Overview and Risk Factors
Heart failure is the inability of the heart to deliver adequate oxygen to the body's peripheral tissues. Primarily a disease of elderly persons, heart failure affects more than 5 million Americans. It can develop in anyone with a history of hypertension, myocardial infarction (MI), coronary heart disease (CHD), valvular heart disease, or diabetes, among other disorders.
Heart failure may be right-sided or left-sided. Signs and symptoms of right-sided failure include increased jugular venous pressure, pleural effusions, right upper quadrant or abdominal discomfort, hepatomegaly, ascites and/or jaundice, and peripheral edema. Left-sided failure is characterized by dyspnea, orthopnea, and paroxysmal nocturnal dyspnea, attributable to elevated pulmonary pressure with or without pulmonary edema. Acute heart failure often causes prominent dyspnea, diaphoresis, tachycardia, and pale, cold extremities.
Low-output heart failure is marked by decreased cardiac output, and is most often caused by hypertension, myocardial infarction, or chronic coronary artery disease. High-output heart failure is often caused by anemia or hyperthyroidism.

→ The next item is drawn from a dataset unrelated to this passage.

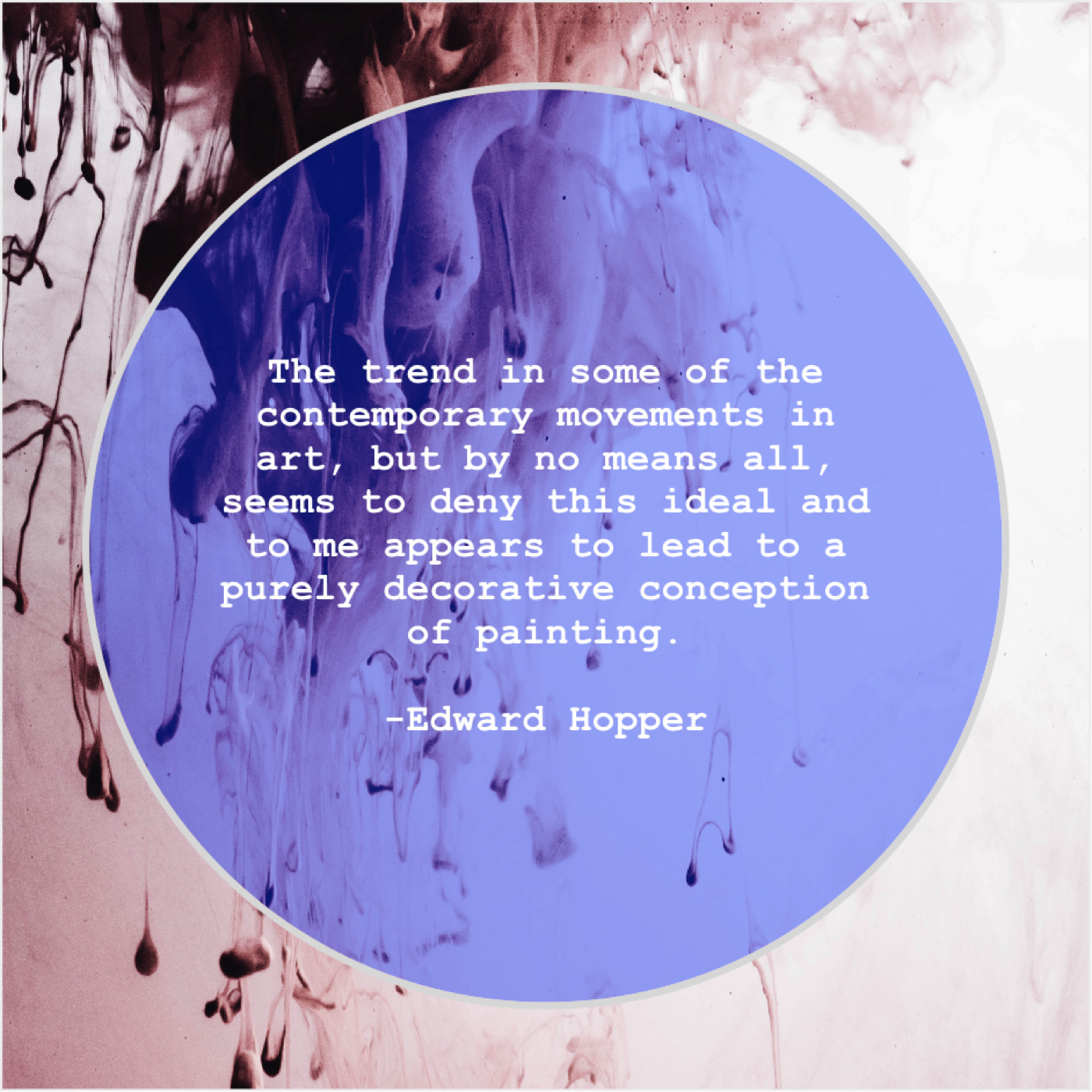 “The trend in some of the contemporary movements in art, but by no means all, seems to deny this ideal and to me appears to lead to a purely decorative conception of painting.”

The most common proximate cause of heart failure is left-ventricular systolic dysfunction, which is marked by reduced myocardial contractility, resulting in low stroke volume. Diastolic dysfunction (myocardial stiffness and impaired relaxation) produces heart failure due to elevated ventricular filling pressure. It is usually due to hypertension and often occurs without associated systolic dysfunction. In some studies, diastolic dysfunction accounts for as many as half of heart failure diagnoses. It is more common in women.
Complications of heart failure include limiting symptoms, syncope, dysrhythmias (which may be lethal), progressive systolic or diastolic dysfunction, thromboembolism (usually strokes), and circulatory collapse.
Risk Factors
Compared with white Americans, African Americans often experience worse outcomes from heart failure and are at greater risk of death. Other risk factors include:
Age. The likelihood of heart failure and left-ventricular dysfunction increases with age.

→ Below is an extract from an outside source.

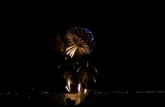 Such a fabulous show Tahoe offers though. Its got the small town feel, everyone seems all cozied up on the beach, the fireworks go one or two at time so you get to enjoy each one, the fireworks glisten on the lake, and they throw several shaped ones in there.

History of MI or CHD. Left ventricular dysfunction often results from ischemic injury to the myocardium.
History of cardiomyopathy. Family or personal history of dilated, hypertrophic, or restrictive cardiomyopathy.
History of rheumatic fever or valvular heart disease.
Pericardial disease.
Hypertension. Pulmonary hypertension generally leads to right-sided heart failure, whereas systemic hypertension leads to left-sided heart failure.

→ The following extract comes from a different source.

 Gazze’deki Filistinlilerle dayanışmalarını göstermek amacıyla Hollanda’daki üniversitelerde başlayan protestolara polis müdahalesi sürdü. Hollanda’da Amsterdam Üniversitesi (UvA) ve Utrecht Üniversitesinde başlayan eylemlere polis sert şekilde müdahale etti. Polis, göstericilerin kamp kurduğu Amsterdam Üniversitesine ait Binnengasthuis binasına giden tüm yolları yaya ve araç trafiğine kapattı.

Obesity. Hypertension and left ventricular hypertrophy are commonly found in obese patients.
Diabetes. Diabetic cardiomyopathy causes left ventricular dysfunction.
Alcohol abuse. Alcohol toxicity may lead to dilated cardiomyopathy.
Diagnosis
The New York Heart Association classification system1 describes the functional limitations of heart failure:
Class I: Symptoms (eg, fatigue, dyspnea, and palpitations) are experienced on heavy exertion.
Class II: Symptoms occur with mild-to-moderate levels of exertion.
Class III: Symptoms occur with less-than-ordinary exertion.
Class IV: Symptoms occur at rest.
Diagnostic Tools
2-D and Doppler echocardiogram is the most common imaging modality for assessing cardiac function. Echocardiography can evaluate left and right ventricular systolic function, diastolic function, valvular function, and cardiac chamber sizes. It also identifies possible heart failure etiologies, such as MI, valvular disease, and cardiomyopathies.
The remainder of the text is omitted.